Copy only the lines between the one containing "12. 하지만 두 사건" and the end of the records, both included, leaving out pictures.

• Data for processing
=====

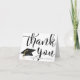 Custom graduation thank-you note cards that can be personalized with the graduate's name and class year on the front along with a full-bleed over-sized THANK YOU title with a black and gold graduation cap design. The card inside offers the option to pre-print your thank-you message or opt to delete the sample text to leave the inside blank for handwriting notes of appreciation. ASSISTANCE: For help with design modification or personalization, color change, resizing, transferring the design to another product or if you would like coordinating items, contact the designer BEFORE ORDERING via the Zazzle Chat MESSAGE tab or email makeitaboutyoustore@gmail.com.
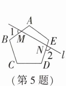 5. (2025·眉山中考)如图,直线 $l$ 与正五边形 $ABCDE$ 的边 $AB$,$DE$ 分别交于点 $M$,$N$,则 $∠ 1 + ∠ 2$ 的度数为 (
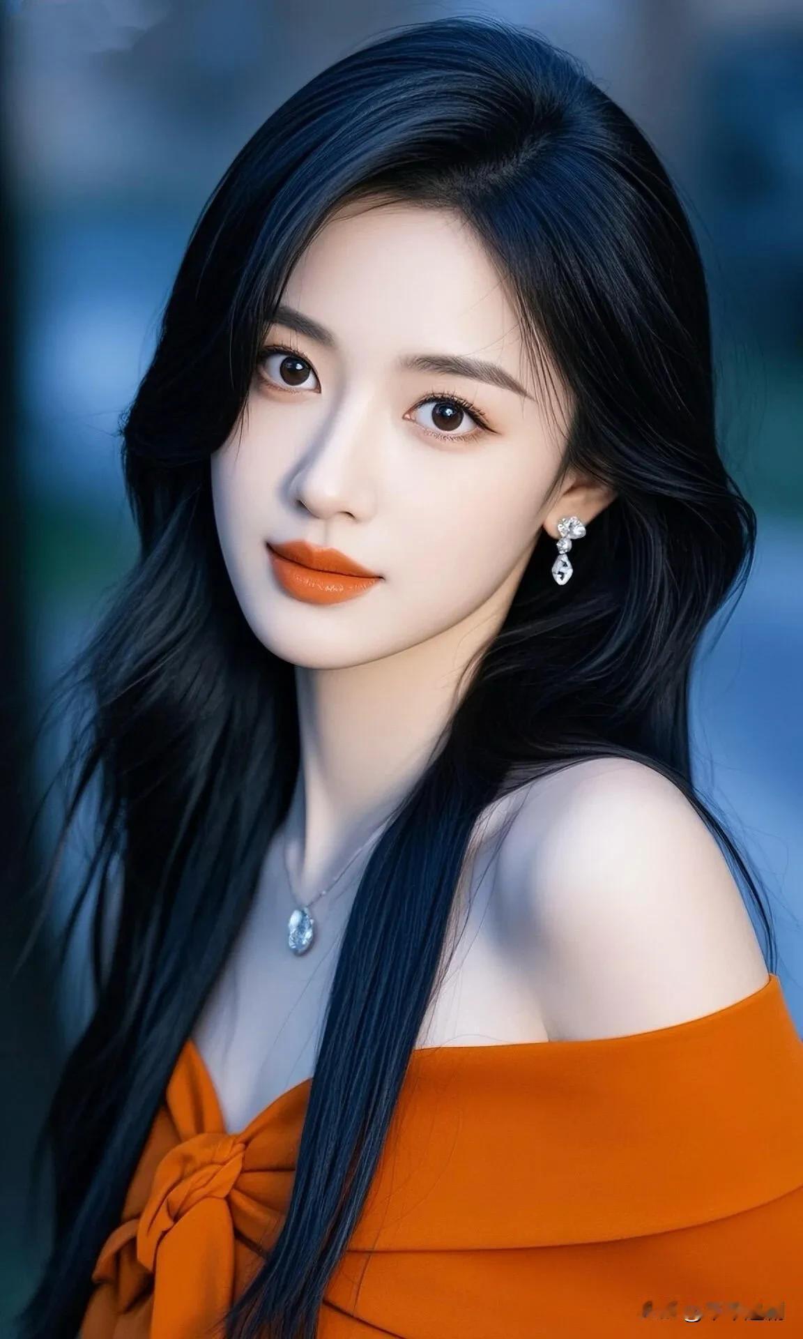 暖橙露肩衫衬着凝脂肌肤,墨色长发拂过肩头,焦糖红唇与衣色相映,在冷蓝背景里漾开明艳又清冷的氛围感。 中年女性特质 温柔高贵的女性
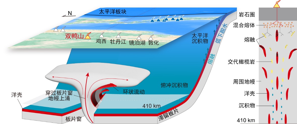 研究结果显示双鸭山玄武岩在稳定同位素组成上具有显著偏高的δ57Fe和偏低的δ26Mg值以及独特的放射成因Pb-Nd同位素组成(图2),在元素组成上则具有偏高的Gd/Yb比值和偏低的Ti/Eu,CaO/Al2O3比值。这些地球化学指标表明双鸭山玄武岩的上地幔源区存在再循环的俯冲太平洋洋壳组分——榴辉岩。与此同时,近震S波分裂分析结果揭示出一个与板片窗相关的上地幔环状流,表明含有板片碎片的地幔上涌流在上地幔中转变为向周围地区的环状流动,从而引发周围地区广泛的板内岩浆作用。初步的地球化学和地球物理检验表明,东亚地区的大多数新生代玄武岩可能与滞留板片在地幔过渡带中的撕裂过程有关。这项研究为大陆玄武岩的起源机制提出了一个“滞留板片撕裂诱发地幔上涌”的地球动力学模型,即俯冲过程引起滞留板片发生撕裂,诱发地幔上涌。该过程导致俯冲到地幔过渡带的洋壳(榴辉岩)随地幔上涌流返回上地幔并减压熔融,从而在大陆内部引发火山作用(图3)。
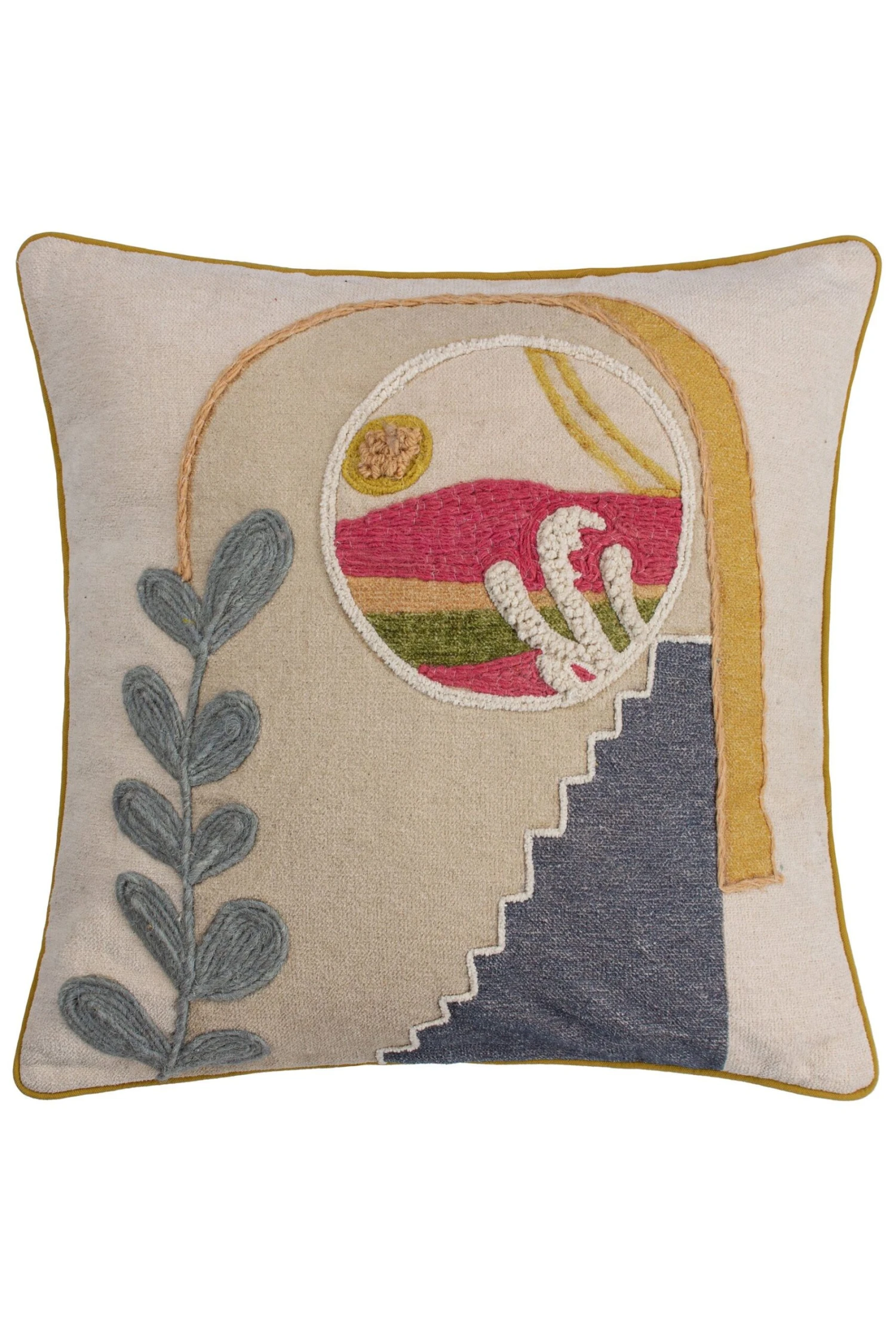 Furn. Chamae Chevron Floral Tasselled Cushion
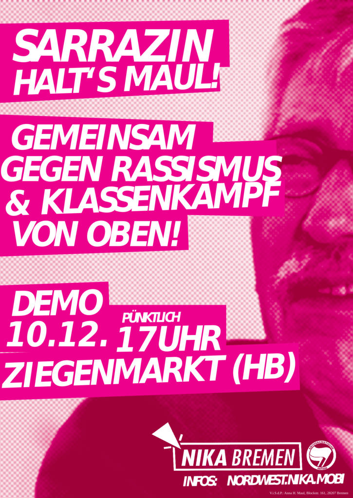 Auch bei Sarrazin ist die Kombination aus wirtschaftlicher Elite und blankem Rassismus weder Zufall noch Widerspruch. Ganz im Gegenteil: hier passt Arsch auf Eimer. Für sein Publikum heißt dies: Wer eintausend Euro im Jahr für eine Clubmitglischaft zahlt und bei OHB Weltraumtechnik im Vorstand sitzt, kann sich am Feierabend Sarrazins Thesen über den Islam bei einem guten Glas Wein anhören und am nächsten Morgen wieder Leiharbeiter*innen gegen Stammbelegschaft ausspielen.
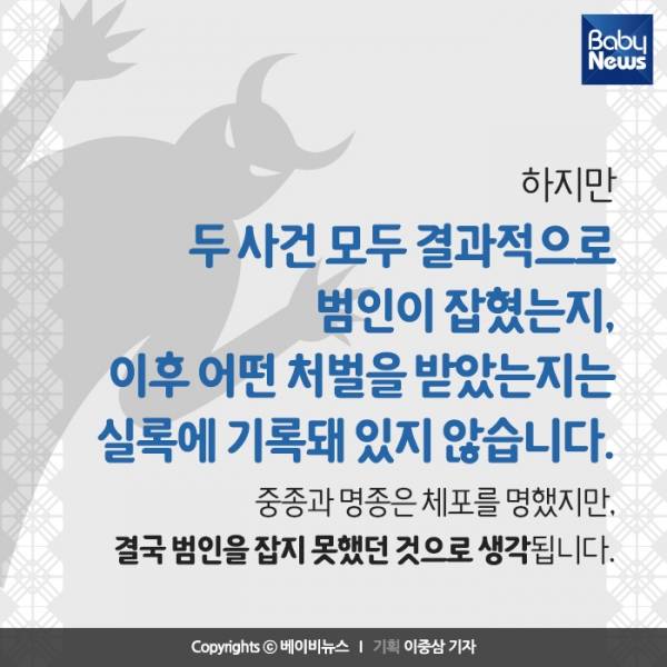 12. 하지만 두 사건 모두 결과적으로 범인이 잡혔는지, 이후 어떤 처벌을 받았는지는 실록에 기록돼 있지 않습니다. 중종과 명종은 체포를 명했지만, 결국 범인을 잡지 못했던 것으로 생각됩니다.
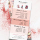 Esta bela placa de rack de produtos cosméticos e serviços é um na moda e um complemento prático para o seu Make Up Artist Business Suite. Com designs de cosméticos de aquarelas com um tema de pincel rosa suave, esta placa de rack complementa sua estética divertida e profissional. Com três seções claras de ofertas, os clientes podem facilmente encontrar exatamente em que serviço estão interessados. Funcional e divertida, esta elegante e solteiro brochura não só melhora sua imagem marca, como também estimula negócios repetidos, garantindo que seus clientes se sintam valorizados e apreciados. Eleve a sua experiência de cliente com este belo cardápio projetado para compor artistas e se marca com este design profissional de destaque!
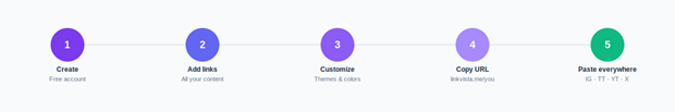 Copia linkvista.me/tuonome e incollalo in Instagram, TikTok, YouTube, Twitter/X e nella tua firma email.

=====

• Written reply
 12. 하지만 두 사건 모두 결과적으로 범인이 잡혔는지, 이후 어떤 처벌을 받았는지는 실록에 기록돼 있지 않습니다. 중종과 명종은 체포를 명했지만, 결국 범인을 잡지 못했던 것으로 생각됩니다.
 Esta bela placa de rack de produtos cosméticos e serviços é um na moda e um complemento prático para o seu Make Up Artist Business Suite. Com designs de cosméticos de aquarelas com um tema de pincel rosa suave, esta placa de rack complementa sua estética divertida e profissional. Com três seções claras de ofertas, os clientes podem facilmente encontrar exatamente em que serviço estão interessados. Funcional e divertida, esta elegante e solteiro brochura não só melhora sua imagem marca, como também estimula negócios repetidos, garantindo que seus clientes se sintam valorizados e apreciados. Eleve a sua experiência de cliente com este belo cardápio projetado para compor artistas e se marca com este design profissional de destaque!
 Copia linkvista.me/tuonome e incollalo in Instagram, TikTok, YouTube, Twitter/X e nella tua firma email.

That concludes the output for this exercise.